***** The input
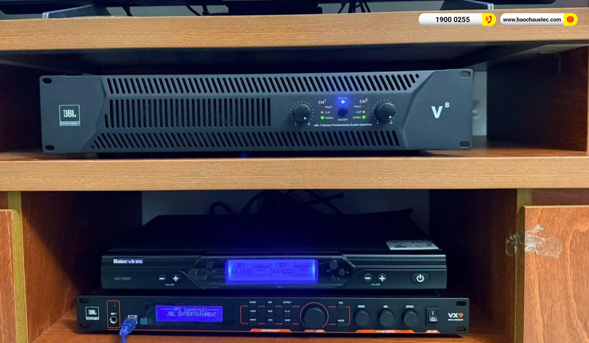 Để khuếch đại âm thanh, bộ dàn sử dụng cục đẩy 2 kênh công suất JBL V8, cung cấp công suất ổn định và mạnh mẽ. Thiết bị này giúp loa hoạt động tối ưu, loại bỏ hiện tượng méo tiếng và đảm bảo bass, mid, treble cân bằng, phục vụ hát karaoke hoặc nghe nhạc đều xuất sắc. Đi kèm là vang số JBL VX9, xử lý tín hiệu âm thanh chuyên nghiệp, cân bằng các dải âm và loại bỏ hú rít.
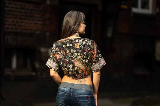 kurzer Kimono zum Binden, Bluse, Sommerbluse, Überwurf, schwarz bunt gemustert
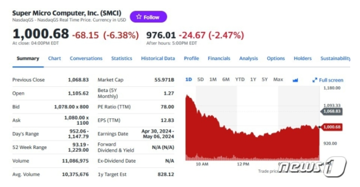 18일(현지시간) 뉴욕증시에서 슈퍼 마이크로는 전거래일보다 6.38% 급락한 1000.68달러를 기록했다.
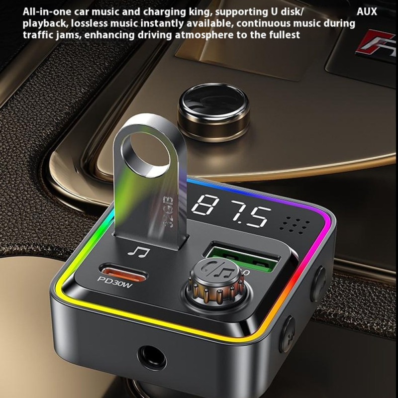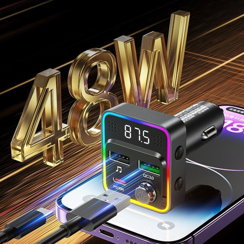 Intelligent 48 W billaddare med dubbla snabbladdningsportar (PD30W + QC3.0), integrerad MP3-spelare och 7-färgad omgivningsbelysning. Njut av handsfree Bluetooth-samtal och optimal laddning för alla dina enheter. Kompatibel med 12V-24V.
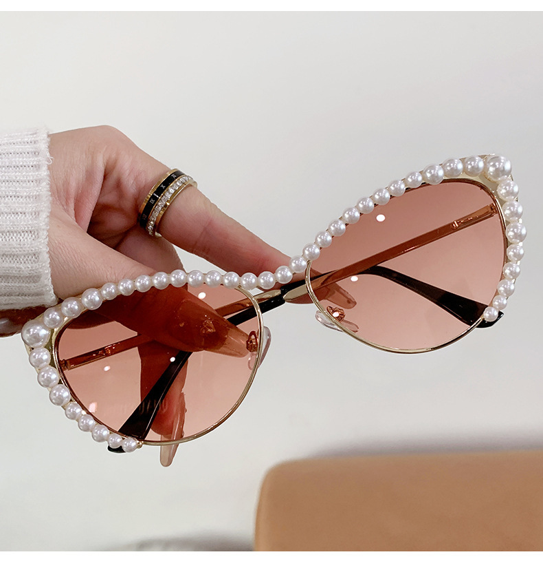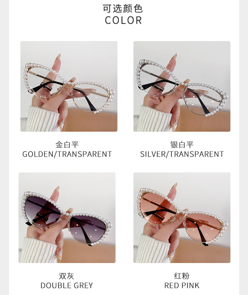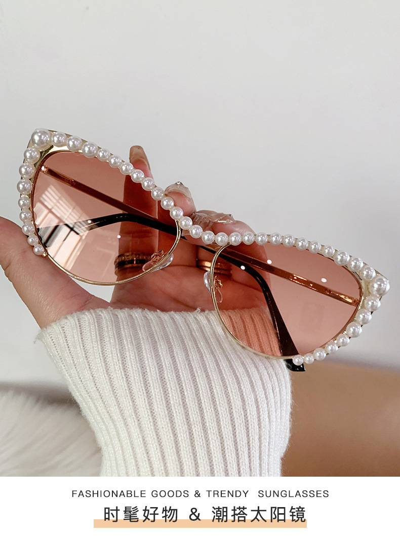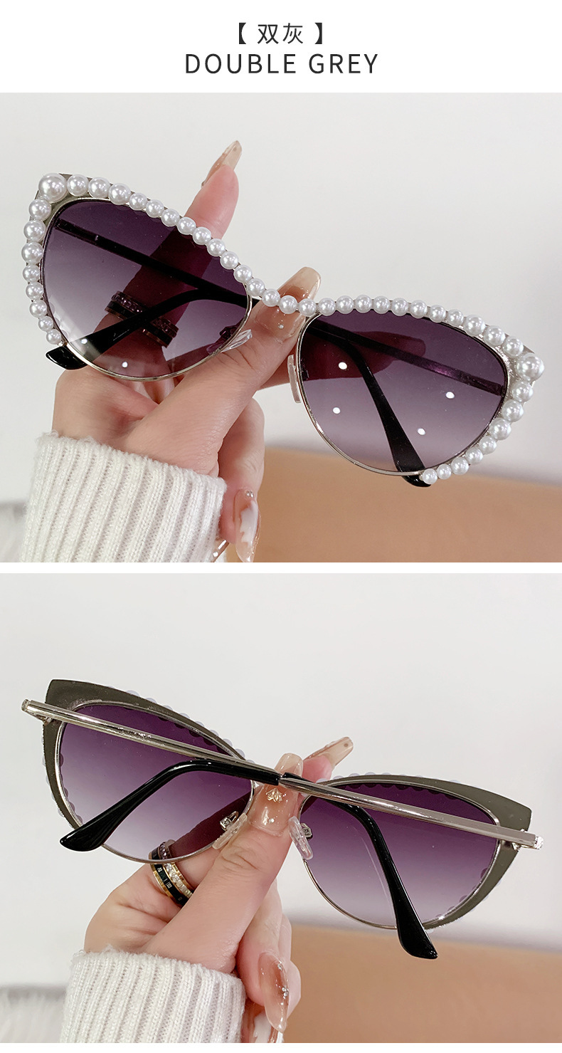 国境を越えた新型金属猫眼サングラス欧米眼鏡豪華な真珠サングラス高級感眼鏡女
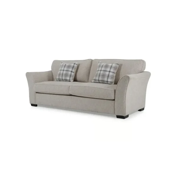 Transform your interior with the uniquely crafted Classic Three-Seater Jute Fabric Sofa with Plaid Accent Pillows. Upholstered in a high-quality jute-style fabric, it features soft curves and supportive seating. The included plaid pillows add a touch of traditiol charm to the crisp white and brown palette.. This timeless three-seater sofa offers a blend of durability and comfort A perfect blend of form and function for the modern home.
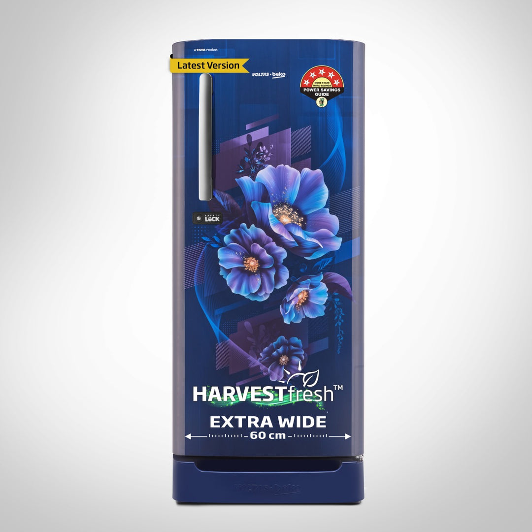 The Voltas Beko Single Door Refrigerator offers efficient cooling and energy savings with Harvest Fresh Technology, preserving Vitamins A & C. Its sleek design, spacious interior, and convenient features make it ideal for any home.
**********
***** The input
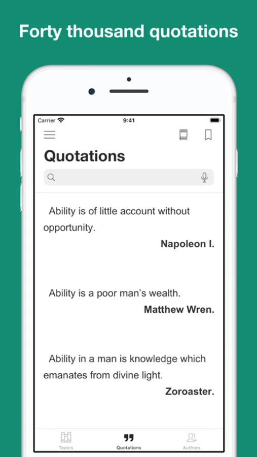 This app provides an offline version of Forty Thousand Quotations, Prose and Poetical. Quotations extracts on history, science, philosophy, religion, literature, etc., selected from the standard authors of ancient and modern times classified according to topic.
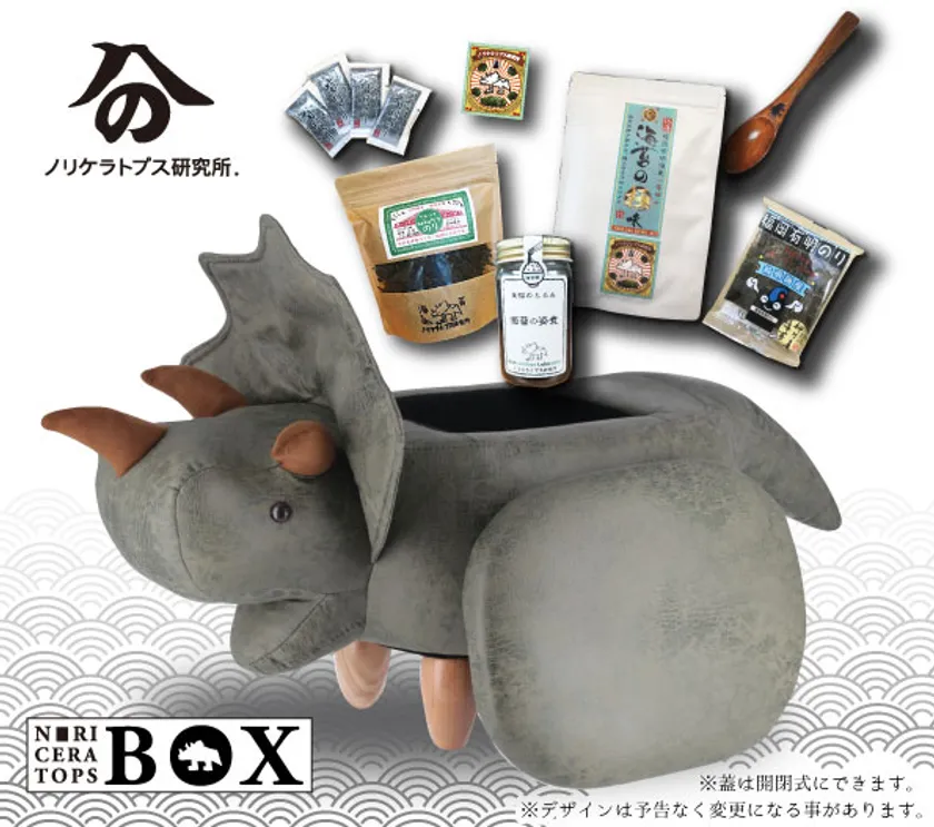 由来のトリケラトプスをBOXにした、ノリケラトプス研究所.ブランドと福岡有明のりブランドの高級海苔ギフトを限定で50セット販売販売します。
**********
# Required action:
Within the data above, repeat exactly the lines from the one bearing "Để khuếch đại" through the one bearing "18일(현지시간) 뉴욕증시에서 슈퍼". Include no pictures and nothing else.

# Exercise output:
 Để khuếch đại âm thanh, bộ dàn sử dụng cục đẩy 2 kênh công suất JBL V8, cung cấp công suất ổn định và mạnh mẽ. Thiết bị này giúp loa hoạt động tối ưu, loại bỏ hiện tượng méo tiếng và đảm bảo bass, mid, treble cân bằng, phục vụ hát karaoke hoặc nghe nhạc đều xuất sắc. Đi kèm là vang số JBL VX9, xử lý tín hiệu âm thanh chuyên nghiệp, cân bằng các dải âm và loại bỏ hú rít.
 kurzer Kimono zum Binden, Bluse, Sommerbluse, Überwurf, schwarz bunt gemustert
 18일(현지시간) 뉴욕증시에서 슈퍼 마이크로는 전거래일보다 6.38% 급락한 1000.68달러를 기록했다.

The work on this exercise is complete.